Make sure there’s enough contrast between custom controls and the map. Insufficient contrast makes controls hard to see and can cause them to blend in with the map. Consider using a thin stroke or light drop shadow to help a custom control stand out, or applying blend modes to the map area to increase its contrast with the controls atop it.
Apps connected with specific venues like shopping malls and stadiums can design custom interactive maps that help people locate and navigate to indoor points of interest. Indoor maps can include overlays that highlight specific areas, such as rooms, kiosks, and other locations. They can also include text labels, icons, and routes.
Adjust map detail based on the zoom level. Too much detail can cause a map to appear cluttered. Show large areas like rooms and buildings at all zoom levels. Then, progressively add more detailed features and labels as the map is zoomed in. An airport map might show only terminals and gates when zoomed out, but reveal individual stores and restrooms when zoomed in.
Use distinctive styling to differentiate the features of your map. Using color along with iconography can help distinguish different types of areas, stores, and services, and make it easy for people to quickly find what they're looking for.
Offer a floor picker if your venue includes multiple levels. A floor picker lets people quickly jump between floors. If you implement this feature, keep floor numbers concise for simplicity. In most cases, a list of floor numbers — rather than floor names — is sufficient.
Include surrounding areas to provide context. Adjacent streets, playgrounds, and other nearby locations can all help orient people when they use your map. If these areas are noninteractive, use dimming and a distinct color to make them appear supplemental.
Consider enabling navigation between your venue and nearby transit points. Make it easy to enter and exit your venue by offering routing to and from nearby bus stops, train stations, parking lots, garages, and other transit locations. You might also offer a way for people to quickly switch over to Apple Maps for additional navigation options.
Limit scrolling outside of your venue. This can help people avoid getting lost when they swipe too hard on your map. When possible, keep at least part of your indoor map visible onscreen at all times. To help people stay oriented, you may need to adjust the amount of scrolling you permit based on the zoom level.
Design an indoor map that feels like a natural extension of your app. Don’t try to replicate the appearance of Apple Maps. Instead, make sure area overlays, icons, and text match the visual style of your app.
You use a specific, distinct format to create indoor maps; to learn more, see Indoor Mapping Data Format.
No additional considerations for iOS, iPadOS, macOS, or tvOS.

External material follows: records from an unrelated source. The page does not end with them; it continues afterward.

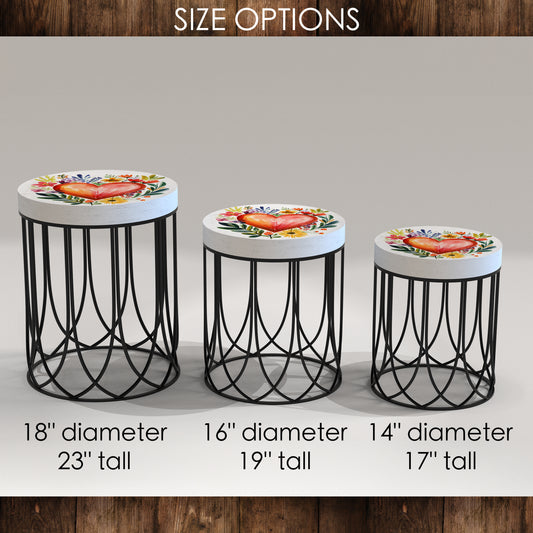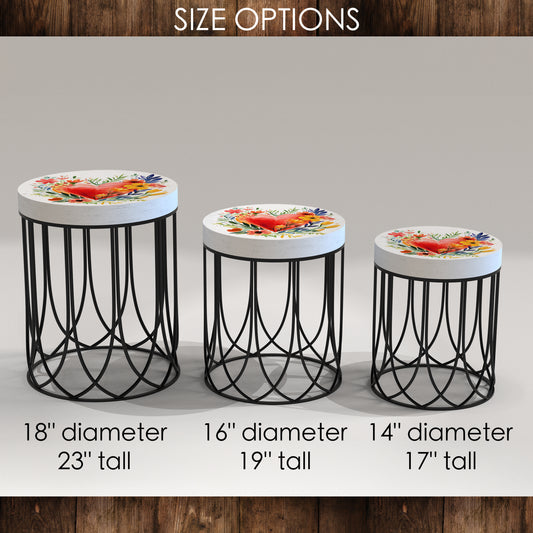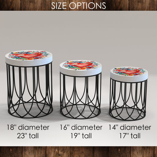 Charming Valentine's Round Accent Table | UV Print Botanical Wood & Metal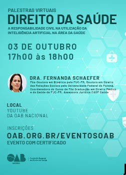 A 2ª edição do evento tratará do tema “A responsabilidade civil na utilização da Inteligência Artificial na área da saúde”. Sob a condução da advogada Fernanda Schaefer, pós-doutora em Bioética pela PUC-PR e doutora em Direito das Relações Sociais pela Universidade Federal do Paraná (UFPR), a palestra ocorrerá na próxima quinta-feira (3/10), das 17h às 18h.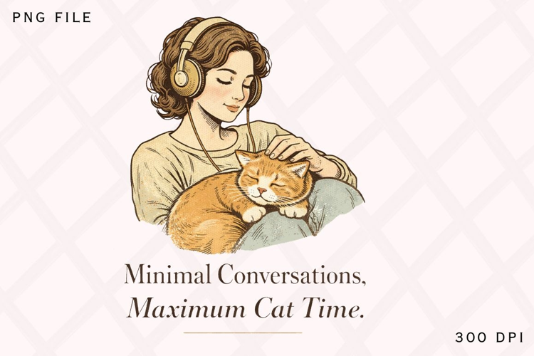 Minimal Conversations Maximum Cat Time PNG, Cat Lover Introvert PNG Design, Cozy Cat Lady PNG, Vintage Cat Sublimation File, White Last Add PNG Design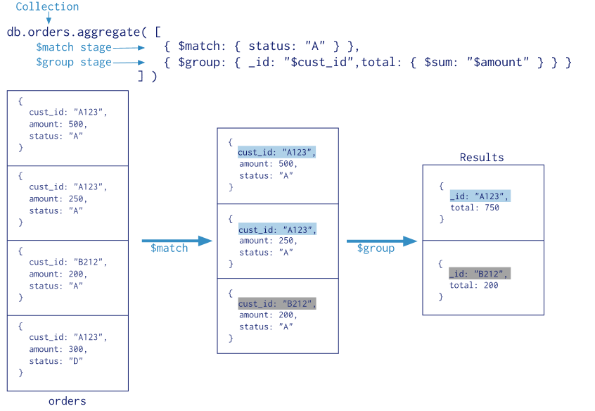看一下图例,所有的数据先经过$match命令,只留下了status为A的数据,接着,对筛选出的数据进行聚合操作,对相同cust_id的数据进行计算amount总和的操作,最后输出结果。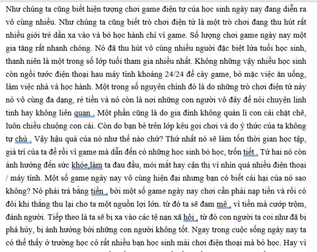Trong kỉ nguyên công nghệ như hiện nay, khi công nghệ và các trò chơi điện tử phát triển thịnh vượng như vũ bão thì cũng là lúc kéo theo nhiều vấn đề nổi cộm được dư luận quan tâm. Một trong số đó chúng ta phải kể đến chính là tình trạng nghiện game online. Game online được hiểu là các trò chơi điện tử trên điện thoại di động hoặc máy tính được sinh ra với vai trò, nhiệm vụ là giúp con người thư giãn, giải trí sau thời gian làm việc căng thẳng, mệt mỏi. Tuy nhiên hiện nay con người đang lạm dụng những trò chơi này quá mức hoặc có nhiều người đã “nghiện” trò chơi điện tử gây ra những hậu quả khó lường. Khi chúng ta nghiện game online, ta sẽ dành nhiều thời gian cho nó, đồng thời sẽ không có thời gian cho những việc khác dẫn đến mọi thứ trì trệ. Bên cạnh đó, việc chúng ta tiếp xúc với thiết bị điện tử quá nhiều sẽ gây hại cho đôi mắt, suy giảm thị lực thậm chí là suy giảm hệ thần kinh. Để tránh xảy ra hiện trạng này trước hết mỗi người cần biết cân đối thời gian của bản thân mình, sử dụng thời gian thật hợp lí cũng như tích cực tham gia hoạt động bên ngoài. Ngoài ra, chúng ta cần ưu tiên thời gian cho việc học tập, tu bổ đạo đức cũng như những sở thích, đam mê của bản thân để phát triển mình toàn diện nhất có thể. Tuy nhiên, vẫn còn có nhiều người chưa nhận thức được những mối nguy hại mà game online mang lại cũng như buông thả bản thân trôi theo những cám dỗ của trò chơi điện tử. Mỗi người biết vượt qua chính mình, hướng đến những điều tốt đẹp sẽ trở thành người có ích hơn, tận hưởng được trọn vẹn vẻ đẹp, khoảnh khắc của cuộc sống hơn. Mỗi chúng ta chỉ được sống một lần duy nhất, hãy sống và trải nghiệm thay vì ngồi đó với những trò chơi online.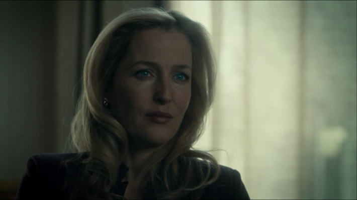 Instead, Hannibal takes a trip to his own therapist, and we meet one of Hannibal's best guest stars. Gillian Anderson arrives as Dr. Bedelia du Maurier, a retired psychiatrist who nevertheless still sees Hannibal, simply because she finds him interesting. She also understands him better than anyone, better even than Will. In a very revealing bit of their conversation, she deduces that Hannibal wears a "very well-tailored person suit," or, at least, a "human veil." Hannibal, against all odds, doesn't snap back, but tries to defend himself. He talks about his friends, then makes the mistake of calling Bedelia one of his friends. Just as Hannibal did with Franklyn, she puts him in his place, and makes it clear their relationship is a professional one, even if they do share the occasional glass of wine.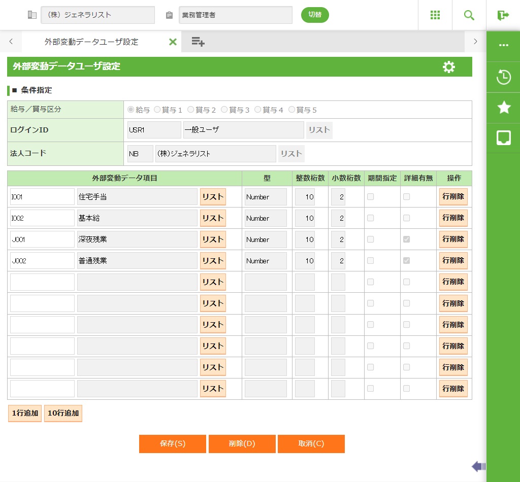 ログインIDで登録したユーザが、利用できる項目コードを入力します。 <リスト>外部変動データ項目コード表示画面を呼び出します。 | 10 |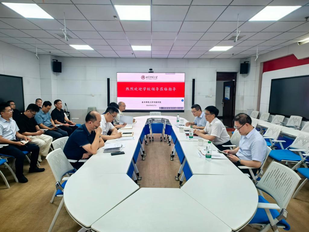院长王焕景和副院长赵可云就培养方案的修订、国家一流课程和专业的建设、教师教学比赛、学生竞赛活动获奖情况等方面的工作进行了汇报。胡凡刚围绕高质量教学成果的打造对学院下一步工作重点提出了建议和要求。

On Apple Watch, maps are static snapshots of geographic locations. Place a map in your interface at design time and show the appropriate region at runtime. The displayed region isn't interactive; tapping it opens the Maps app on Apple Watch. You can annotate the map to highlight points of interest or other relevant information. The system lets you add up to five annotations to a map.
Fit the map interface element to the screen. The entire element should be visible on the Apple Watch display without requiring scrolling.
Show the smallest region that encompasses the points of interest. The content within a map interface element doesn't scroll, so all key content must be visible within the displayed region.
For developer guidance, see WKInterfaceMap.